Reflecting the status of the Filipino and Vietnamese communities as the "new Irish" in priestly recruitment, Asian/Pacific ordinands comprise 12% of the Stateside group, four times the community's size in the 70 million-member American Catholic fold. Conversely, though Hispanic Catholics comprise over a third of the national church's membership, less than half that strength is reflected among this year's ordination candidates. Even so, Mexico still tops Vietnam as the most-cited native country of the new crop's foreign-born contingent.

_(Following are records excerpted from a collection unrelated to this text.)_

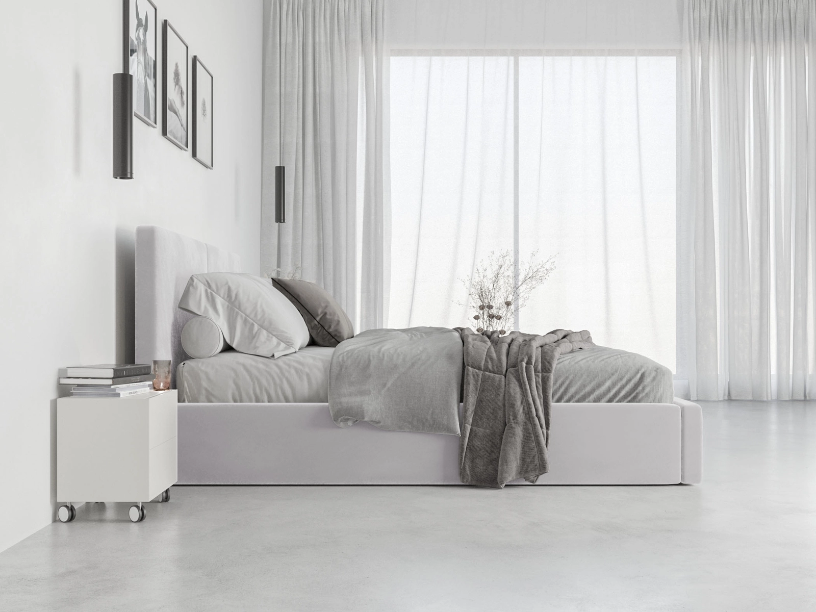 Lit double rembourré Le Hilton 140X200 avec coffre, gris clair
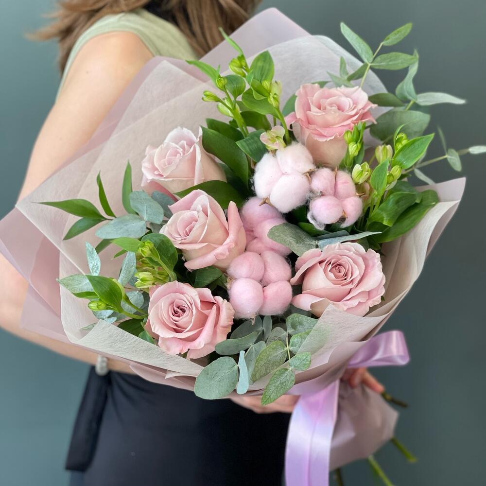 Альстромерия – 3 шт.Лента – 1 шт.Рускус – 5 шт.Хлопок – 4 шт.Эвкалипт – 2 шт.Роза одноголовая – 5 шт.бумага упаковочная – 1 шт.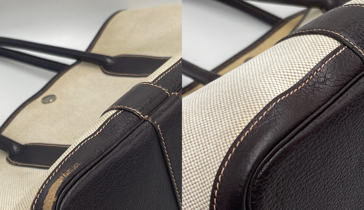 ガーデンパーティ(特にキャンバス素材)の黄ばみは、汚れではなく「素材の劣化・変色」であることが多いです。また、革の角スレは「色の剥げ」です。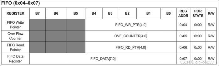这是FIFO数据缓存相关的部分寄存器,分别是FIFO写指针寄存器、溢出计数器寄存器、FIFO读指针寄存器以及FIFO数据寄存器,地址对应0x04~0x07。这些寄存器主要用于管理 FIFO 数据的写入、读取,以及记录溢出情况,如下图所示。

For yet another year, "people, not paper" won the day -- CARA reports that "relatively few ordinands say that TV, radio, billboards, or other vocational advertising were instrumental in their discernment." (Most influential media, however: websites... but only for 14%.) Yet again proving the adage that "the best advertisement for priestly vocations is... a happy priest," four out of five responded that it was a priest's invite to consider entering formation that got 'em thinking, with "personal witness of priests, brothers, and other seminarians" ranked first among the group's most-cited factors toward discernment. In addition, forty-four percent of the group had participated in parish youth ministry prior to the seminary, and one in five had attended a World Youth Day pre-sem.

On a related note, the USCCB's longtime lead hand on vocations work Msgr Ed Burns is returning home to Pittsburgh... where, seven months in, Bishop David Zubik's energized outreach is already reaping a spike of interest:
More than 80 men and boys from the Diocese of Pittsburgh attended an inquiry meeting Thursday for those who think they might be interested in priesthood. It was followed by a standing-room-only hour of prayer for vocations.

"The spirit is moving," Bishop Zubik said.

The inquirers, who attended a cookout at St. Paul Seminary in East Carnegie, got a tour and a talk from the bishop on what priesthood is about. They ranged in age from older grade school students to professionals, the oldest of whom was 51. Then they joined nearly 600 other people from across the diocese to pray for more priests, with people standing five rows deep in the back and spilling out of the auditorium door to fill the lobby.

"I have never seen the seminary auditorium so packed," said Bishop Zubik, who gave up the traditional bishop's mansion in Squirrel Hill when he became bishop of Pittsburgh last year to live at St. Paul with the seminarians.
...and finally, as -- like everything else -- the vocational map's demographic center tilts increasingly toward the South, Dallas' Holy Trinity Seminary has named its new rector in succession to Bishop-elect Mike Duca, who was named to the diocese of Shreveport on 31 March.

Until now a pastor and vicar-general in his home diocese of Fort Worth, Fr Michael Olson is an alum of the Catholic University of America's prestigious Basselin Scholarship in philosophy. Long a specialist in bioethics, Olson -- ordained in 1994 -- is up for his STD in moral theology from the Alfonsiana in Rome.

As Duca wraps up his packing in advance of his Monday ordination in Louisiana, his successor-in-waiting made his first visit the seminary's Irving campus earlier today. Home to 28 students in formation for dioceses across Texas, Olson formally assumes Holy Trinity's rectorship on July 1st.